Work order: For this exercise, copy all the data exactly and include none of the pictures.

---------- Information supplied ----------

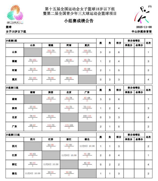 不知不觉间,全运会U18女篮已经来到了第4个比赛日,第一和第二小组的比赛已经全部打完了,积分榜最新变化也来了,8强已经敲定了6个席位。
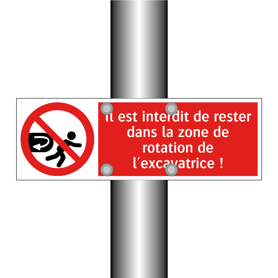 Panneau d'interdiction avec le texte : "Il est interdit de rester dans la zone de rotation de l'excavatrice !" et une symbolique claire.
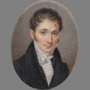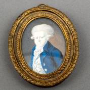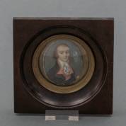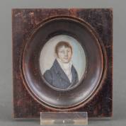 Miniatuurportret: man met naar voren gekamd haar, blauwe jas, wit vest met hoge kraag en halsdoek, eerste kwart 19e eeuw -zonder glas-, 5 × 4 cm
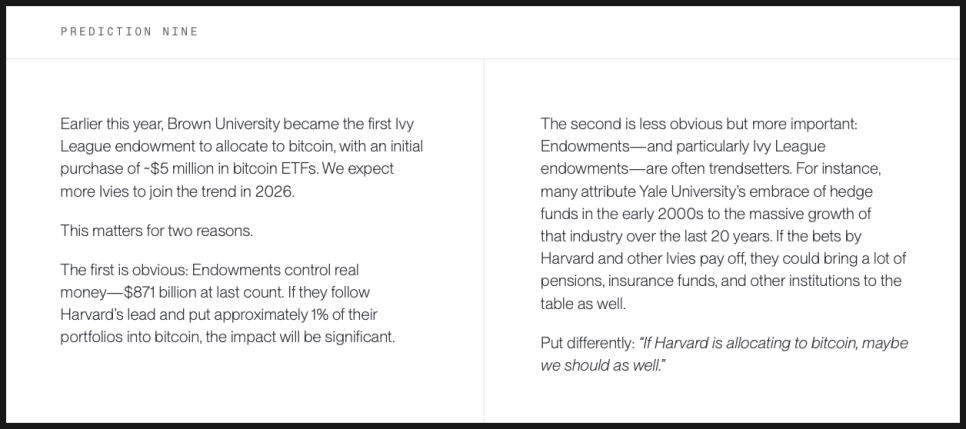 아홉 번째, 비트와이즈는 2026년까지 아이비리그 대학의 절반이 암호화폐에 투자할 가능성을 제시합니다. 금액보다 중요한 것은 상징성입니다. 대학 기금은 전통적으로 다른 기관 투자자들의 기준점 역할을 해왔고, 이들의 선택은 연기금과 보험사로 확산될 가능성이 큽니다.
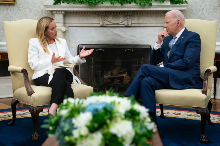 “And I thank the Italian people,” Biden told Meloni at the start of their talks at the Oval Office. “I want to thank them for supporting you and supporting Ukraine. It makes a big difference.”
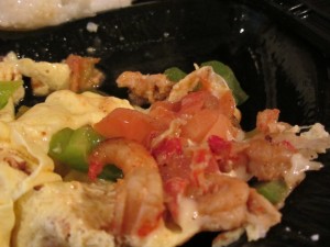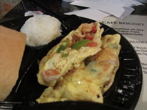 I was like, “No, No I’m not interested, my crawfish omelet is good and I don’t want to fill up.” Secretly I really wanted a bite.
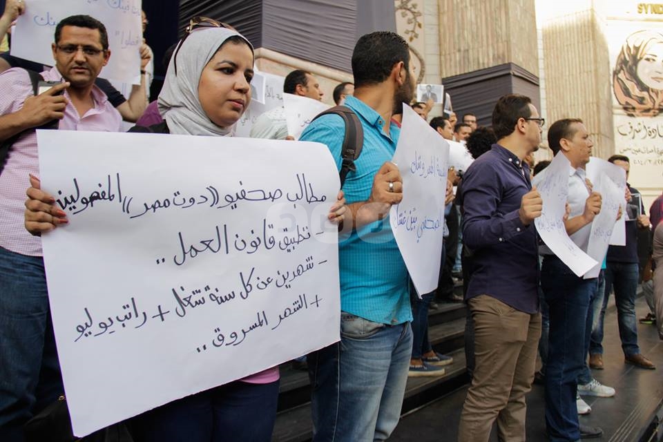 نظم عدد من صحفيي موقع دوت مصر المفصوليين تعسفيًا مؤخرًا وقفة احتجاجية على سلالم نقابة الصحفيين، مساء اليوم، رفضًا لقرار فصلهم وللمطالبة بحقوقهم التي ينص عليها قانون العمل في حال فصل أي شخص يعمل بؤسسة تابعة له.

----------

Answer box:
 不知不觉间,全运会U18女篮已经来到了第4个比赛日,第一和第二小组的比赛已经全部打完了,积分榜最新变化也来了,8强已经敲定了6个席位。
 Panneau d'interdiction avec le texte : "Il est interdit de rester dans la zone de rotation de l'excavatrice !" et une symbolique claire.
 Miniatuurportret: man met naar voren gekamd haar, blauwe jas, wit vest met hoge kraag en halsdoek, eerste kwart 19e eeuw -zonder glas-, 5 × 4 cm
 아홉 번째, 비트와이즈는 2026년까지 아이비리그 대학의 절반이 암호화폐에 투자할 가능성을 제시합니다. 금액보다 중요한 것은 상징성입니다. 대학 기금은 전통적으로 다른 기관 투자자들의 기준점 역할을 해왔고, 이들의 선택은 연기금과 보험사로 확산될 가능성이 큽니다.
 “And I thank the Italian people,” Biden told Meloni at the start of their talks at the Oval Office. “I want to thank them for supporting you and supporting Ukraine. It makes a big difference.”
 I was like, “No, No I’m not interested, my crawfish omelet is good and I don’t want to fill up.” Secretly I really wanted a bite.
 نظم عدد من صحفيي موقع دوت مصر المفصوليين تعسفيًا مؤخرًا وقفة احتجاجية على سلالم نقابة الصحفيين، مساء اليوم، رفضًا لقرار فصلهم وللمطالبة بحقوقهم التي ينص عليها قانون العمل في حال فصل أي شخص يعمل بؤسسة تابعة له.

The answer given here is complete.